The ovate, bi-conic shell is quite thick and solid. It is of a reddish white, and covered with a brown, velvety epidermis. The six whorls are moderate, pretty distinct, and provided with decurrent, subnodulous striae, of a brownish or blackish red. The intervals are white, and furnished with very fine striae scarcely apparent. The body whorl is much larger than all the others together, and has five or six thick, obtuse longitudinal folds of ribs, which are rarely continued as far as the base of the shell, and oftentimes form only tubercles, particularly in old shells. The aperture is ovate, elongated, whitish, and bordered with yellow. The siphonal canal is slightly prolonged, emargination slight and oblique. The outer lip, which is thickened by age, is denticulated throughout its whole length, and furrowed internally. The columella is wrinkled and covered at its base with a thin, raised callosity.

In large specimens of P. undosa the shell is strongly spirally corded, without axial ribs, and the labial lip is angulate posteriorly. Small specimens of P. undosa are frequently axially costate all the way to the body whorl, and the labial lip is regularly convex.
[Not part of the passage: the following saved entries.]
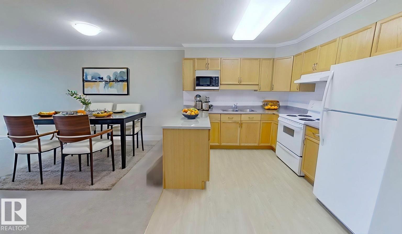 Welcome to this bright and updated 1-bedroom, 1-bathroom condo offering 663 sq. ft. of comfortable living space in a 55+ adult building. The home features brand new carpets, fresh paint, and laminate flooring throughout. The functional layout includes a spacious in-suite laundry room, a kitchen with built-in dishwasher, and a living room with corner gas fireplace and tiled surround. Large south-facing windows provide plenty of natural light and access to a private balcony. This well-maintained building includes an elevator, social room with kitchen, and heated underground parking with personal storage cage. Condo fees cover heat, water, building insurance for common areas, and exterior maintenance. Conveniently located directly across from Bonnie Doon Shopping Centre, with easy access to bus routes, the new LRT line, Bonnie Doon Leisure Centre, and Idylwylde Public Library.
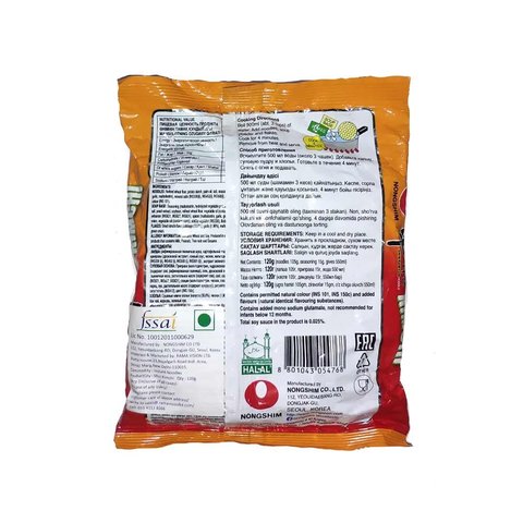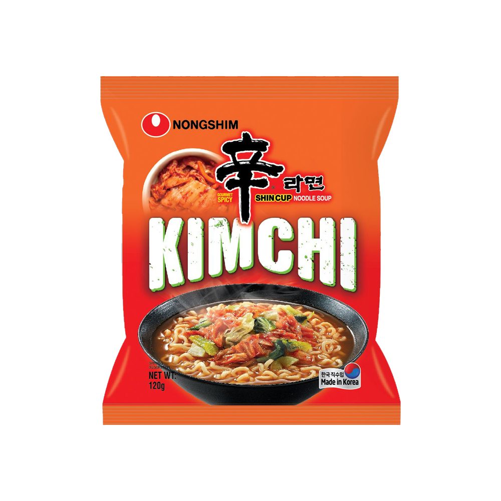 Noodle: Refined wheat flour, potato starch, palm oil, salt, mineral salts (INS339(ii)), INS452(i), INS500(i)), seasoning (yeast extract, soy sauce (0.02%), sweetener (INS420)), green tea extract, colour (INS101). Soup Powder: Seasoning (maltodextrin, hydrolyzed vegetable protein (soy, wheat), yeast extract, soy, wheat flour), salt, sugar, spices, flavour enhancer (INS627, INS631), acidity regulator (INS330), thickener (INS412), colour (INS150c). Flakes: Dried kimchi flake 37.5% {cabbage(30.5%), garlic(1.9%), red pepper (1.9%), maltodextrin, ginger}, bok choy, carrot (21.4%), green onion (9.4%)
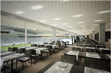 In de eerste plaats is het gebouw ontworpen als voetbalstadion. Centraal van het compacte geheel ligt de grasmat met daarrond 20 000 zitjes waarvan 18 300 gewone zitjes, 1260 business-seats, 240 sky-box seats en 200 plaatsen voor gehandicapten. Deze zitjes worden ontsloten door 8 toegangen ‘vomitoria’ die naar de ‘promenade’ op de rondgang ter hoogte van de 2de verdieping leiden. Op de rondgang wordt er ambiance en sfeer gecreëerd door een combinatie van drank- en voedingsstandjes, supportersrestaurants en publicitaire standen. Via de ‘promenade’ zijn ook de toiletten en hulpposten bereikbaar. De business-seats en skyboxen worden via een aparte VIP toegang ontsloten die aan de linkerkant van het stadion zit. Deze ingang wordt intern geaccentueerd door een monumentale vide met trap.
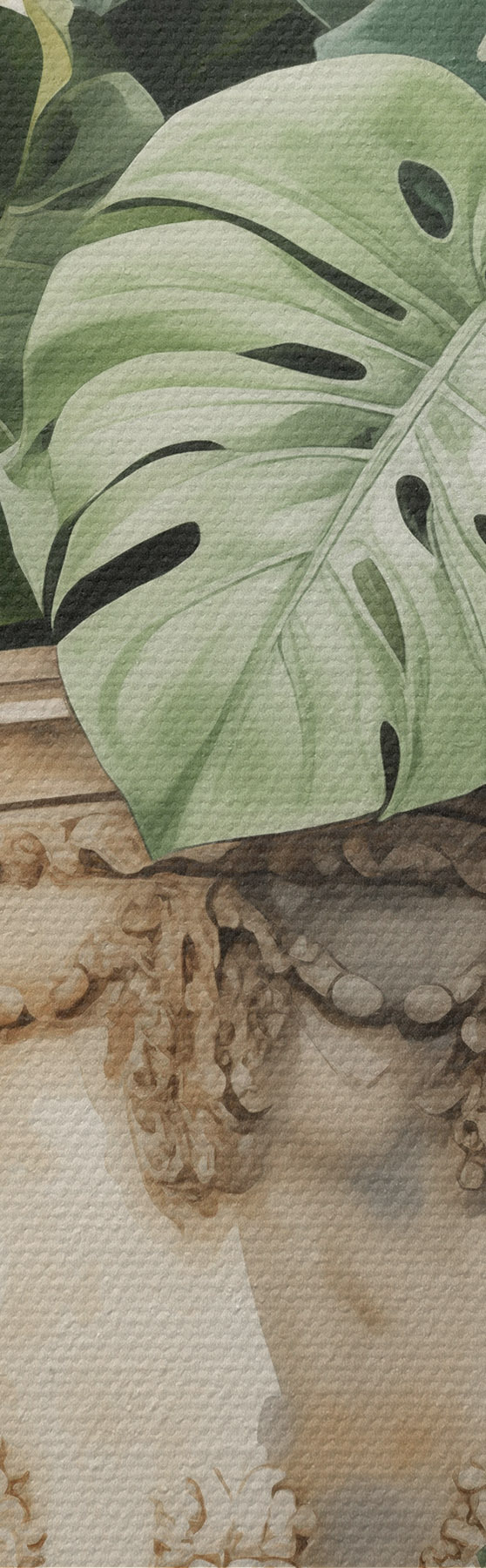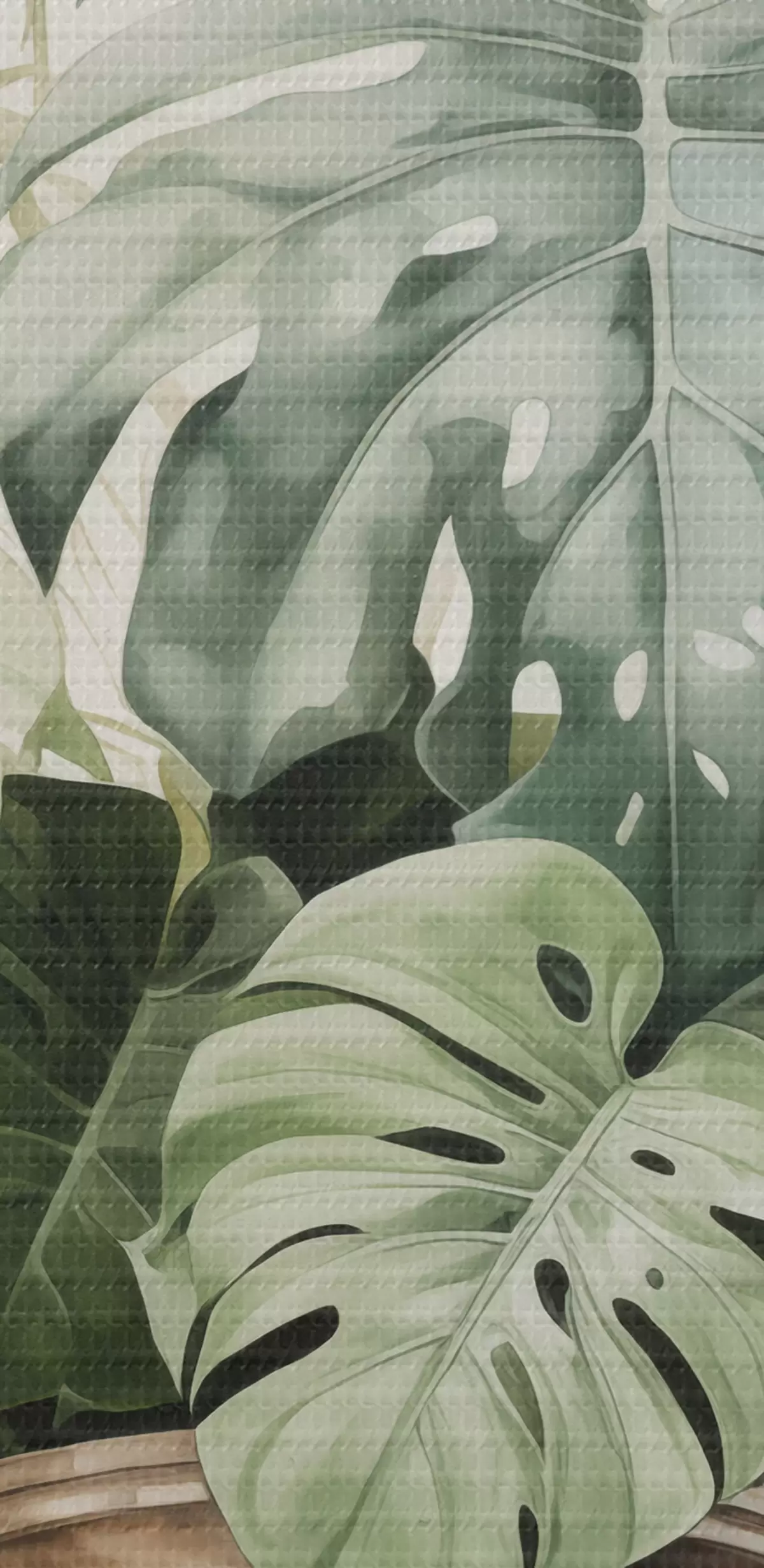 Runde Wandbilder Tropische Monstera Blätter auf einer Säule Nachahmung Aquarell Nr r42351

These specimens can be separated from Pollia fumosa (Dillwyn, 1817) only with difficulty. The radula has laterals with a serrated inner cusp.

==Distribution==
This marine species occurs in the Red Sea, in the Indian Ocean off Aldabra, Chagos and Tanzania and in the Western Pacific Ocean (French Polynesia). This species mainly inhabits reef and lagoons but it is widespread in a variety of different habitats.